“The role of the CEO is to enable people to excel, help them discover their own wisdom, engage themselves entirely in their work, and accept responsibility for making change.” These words come from Vineet Nayar, author of Employees First, Customers Second: Turning Conventional Management Upside Down, and are apropos, considering many of the management changes the construction-technology space has seen in just the past week alone.
Case in point: Carl Bass, who has stepped down as president and CEO of Autodesk, www.autodesk.com, San Rafael, Calif., but will remain on the board of directors. In this case, the company’s board has instituted a CEO search to consider candidates both inside and outside Autodesk, and has formed an Interim Office of the Chief Executive, which is headed up by Amar Hanspal, senior vice president and chief product officer, and Andrew Anagnost, senior vice president and chief marketing officer, to oversee the company’s day-to-day operations. Bass himself will also remain on as a special advisor to the company in support of the transition to a new CEO.
This news comes at the same time as another big announcement from Autodesk: a new agreement between Autodesk and Sachem Head Capital Management LP, which calls for two 2016 director nominees to resign from the board of directors.
According to Autodesk, the transition to a new CEO has been in the works for more than 18 months, as part of the board’s CEO succession planning process.
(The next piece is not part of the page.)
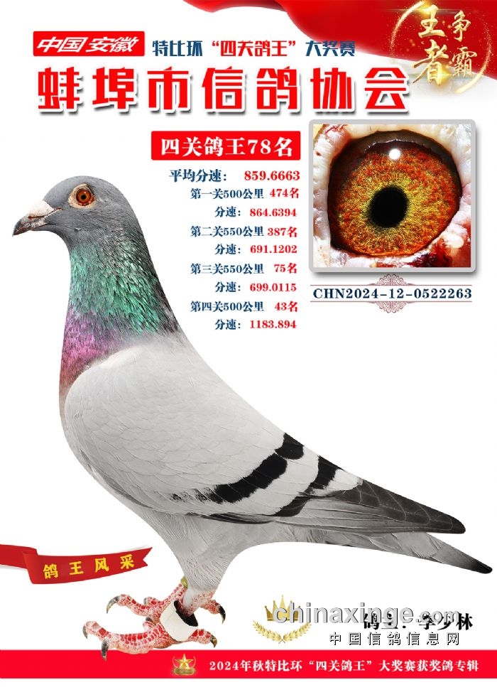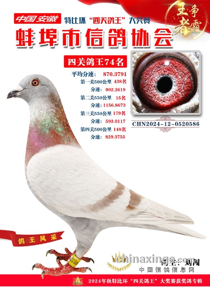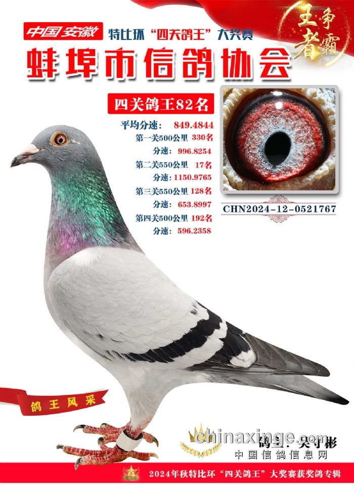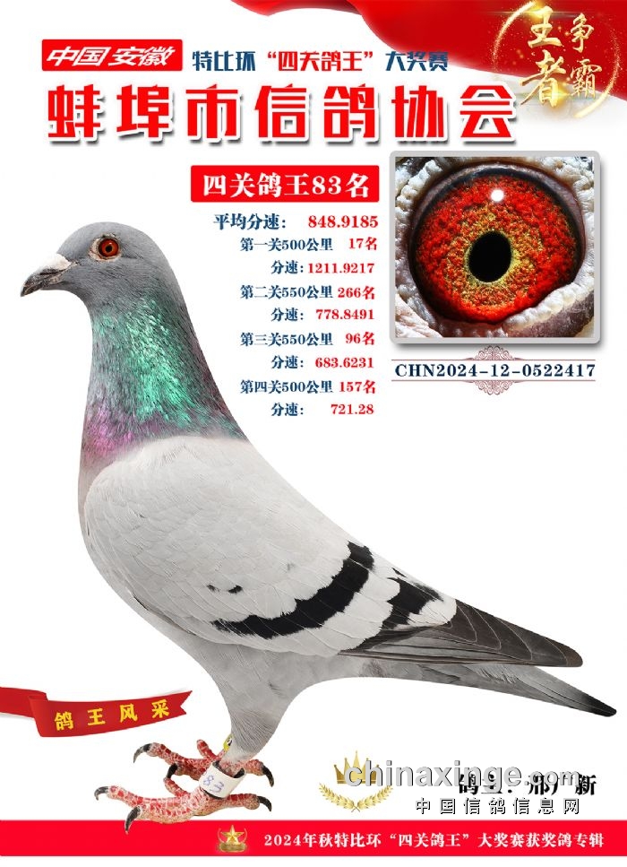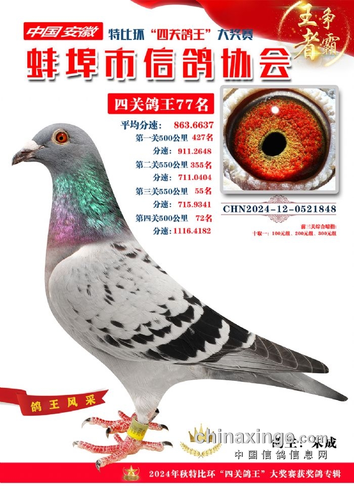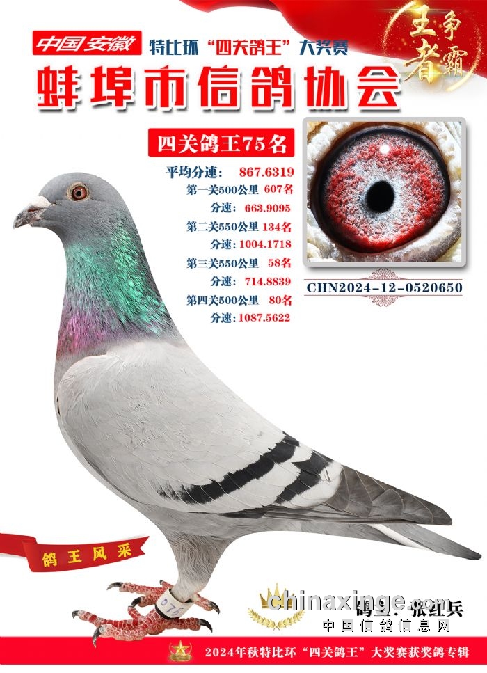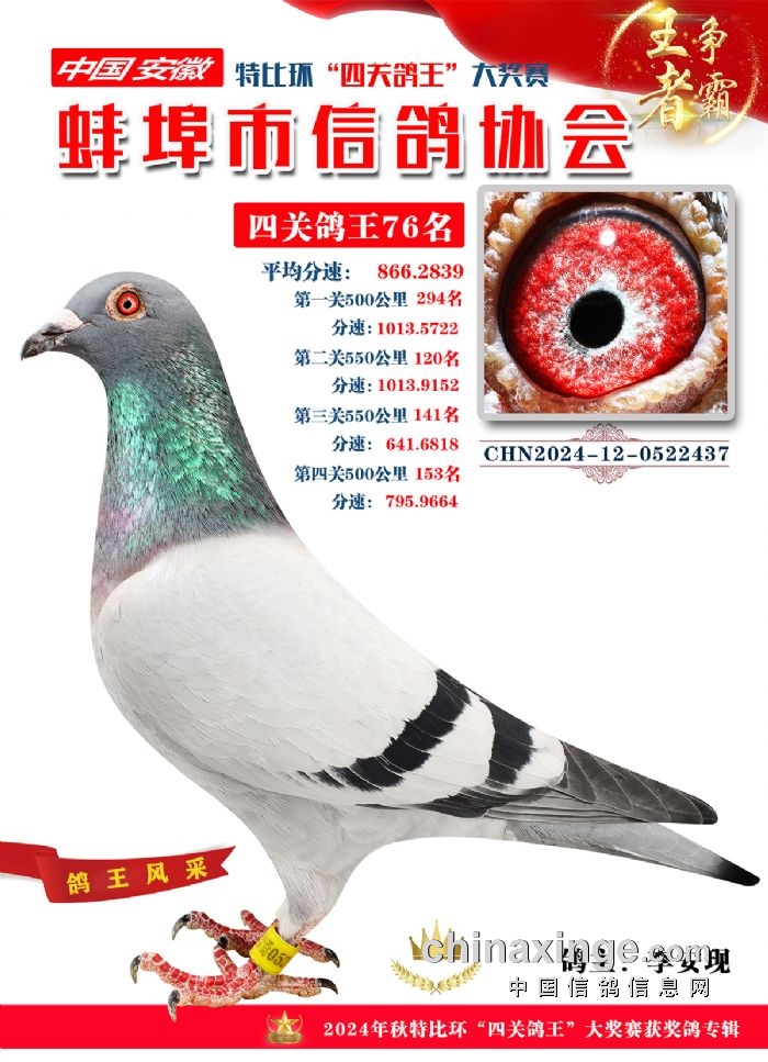 蚌埠市信鸽协会2024年秋季特比环“四关鸽王”靓照欣赏(71-85名)

When Sachem Head began acquiring company stock in late 2015, Bass and the board put discussion regarding a permanent successor on hold, determining stable leadership was important to help Autodesk navigate investor negotiations, while still advancing cloud-based technologies and a subscription-only business model.
Bass and the board have decided that now is the right time to identify the next individual that will lead Autodesk’s next stage of growth. Time will tell what happens next for Autodesk, but this is certainly a big change for one of the largest construction-technology providers, and will invariably have ripple effects in many construction companies.
And this is only one example of a transition we see currently taking place in the construction-technology market. Another big announcement comes from Assemble Systems, www.assemblesystems.com, Boston, Mass.
The company announced last week that Donald Henrich has been named as the new president and CEO, bringing experience in the engineering software market from previous roles at Graphisoft, Vico Software, and Trimble. He also had earlier industry experience as a president and CEO of a software tools company called SET and as a senior vice president at Parametric Technology Corp. He was also cofounder of MatrixOne, which is now a subsidiary of Dassault Systemes.
Companies such as Autodesk and Assemble Systems need strong leaders at the helm for a number of reasons. First, they need to lead and guide a group of individuals to create the next big technology for the construction industry, all while serving the needs of contractors.
There are a lot of changes happening in the construction space, and all tech companies will need to adapt quickly to keep up with the changes happening in both construction and technology. As such, it becomes critical that the next technology leaders “accept responsibility for making change,” as Nayar says.